Ga direct naar de inhoud Ga direct naar de footer

BAC 2022-08699 

Samenvatting

De Bezwaarschriftenadviescommissie (hierna: de Commissie) adviseert UHT om het bezwaar tegen de beschikking met kenmerk UHT-DC I deels gegrond te verklaren. De Commissie adviseert UHT om de bezwaren tegen de beschikkingen met kenmerken UHT-DC-I A en UHT-DH5 A ongegrond te verklaren. Belanghebbende heeft op 8 juni 2020 schriftelijk verzocht om een herbeoordeling van de kinderopvangtoeslag (hierna: KOT) over de jaren 2009 tot en met 2014. De Commissie constateert dat UHT op 21 december 2023 heeft bevestigd dat de brief van 24 december 2010 is gekwalificeerd als de eerste neerwaartse correctiebeschikking en adviseert UHT de berekening opnieuw uit te voeren met 24 december 2010 als startdatum.
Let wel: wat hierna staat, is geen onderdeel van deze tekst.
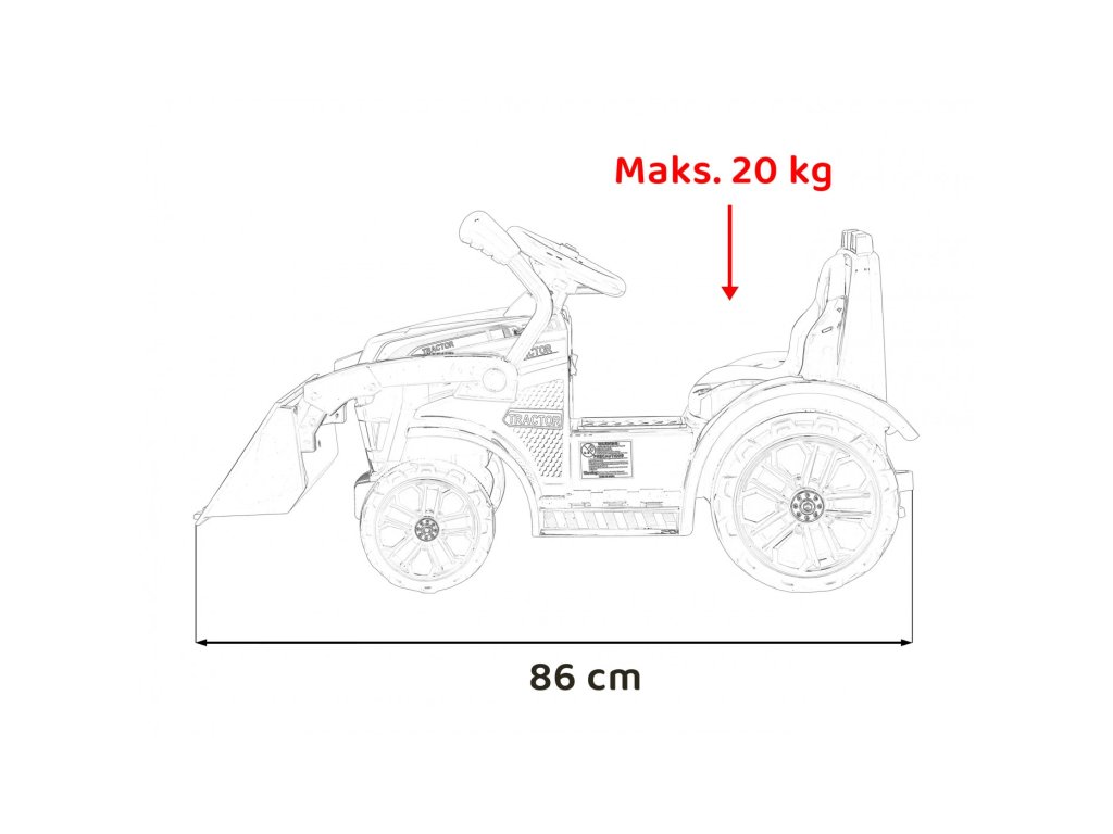 Datorită designului său și roților masive , tractorul electric pentru copii se adaptează nu numai terenului asfaltat. Tractorul are un motor de 25W. Controlul este foarte simplu, doar apăsați pedala de accelerație și puteți pleca în off-road. Când eliberați piciorul de pe pedala de accelerație, tractorul se oprește automat. Muzica integrată va face cu siguranță călătoria mai plăcută.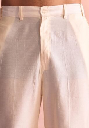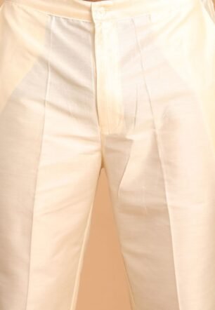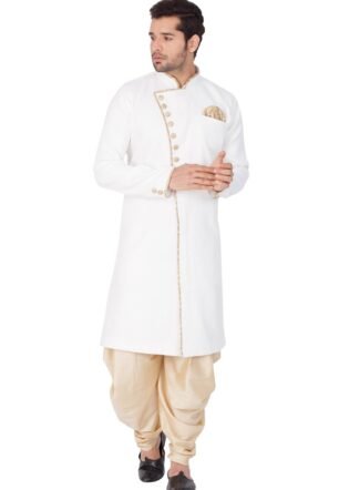 VASTRAMAY Men’S Cream Georgette Sherwani Set | Wedding & Festive Ethnic Wear | Ideal For Traditional, Haldi, Sangeet & Reception Functions (VSHRMIW237CRnPANT002CR_36)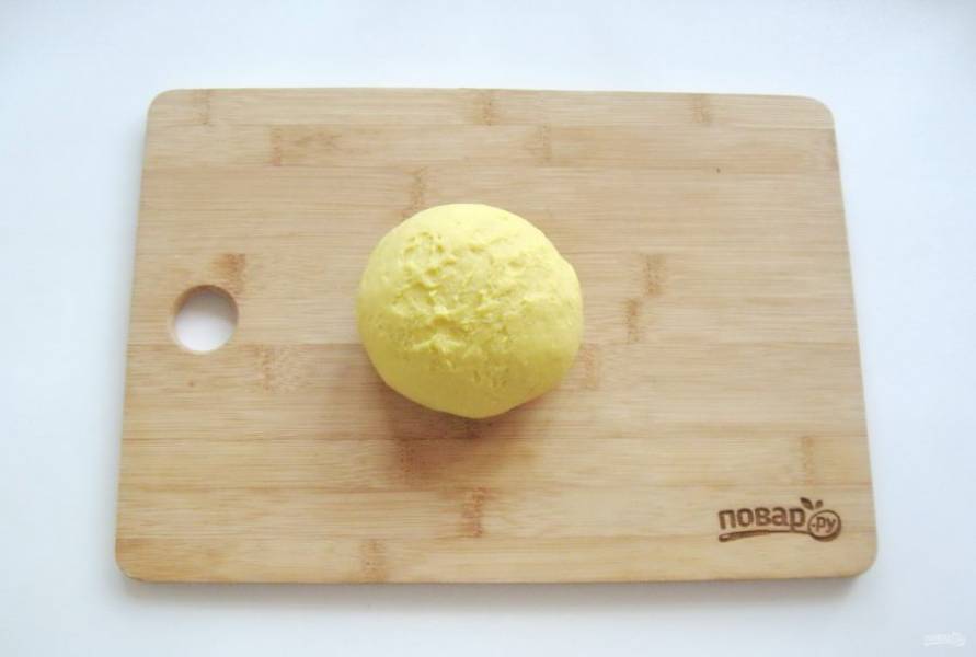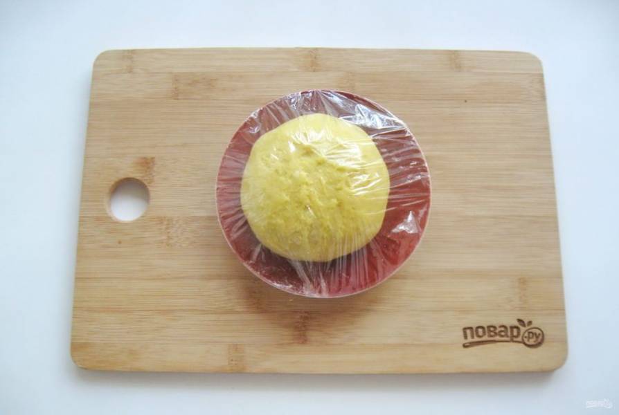 Накройте тесто пищевой пленкой и поставьте в холод на 1-2 часа.

De Commissie verwijst naar artikel 2.3 sub 4 Wht en de memorie van toelichting waarin is bepaald dat het bedrag voor immateriële schade per gedupeerde aanvrager eenmaal wordt toegekend, ongeacht of deze aanvrager over een of over meerdere berekeningsjaren is gedupeerd door institutionele vooringenomenheid of hardheid. Indien belanghebbende meent recht te hebben op een hoger bedrag aan immateriële schadevergoeding dan is ontvangen naar aanleiding van de integrale beoordeling, kan belanghebbende daartoe een verzoek kan indienen bij de Commissie Werkelijke Schade. Belanghebbende heeft recht op proceskostenvergoeding met betrekking tot het eerste bezwaar.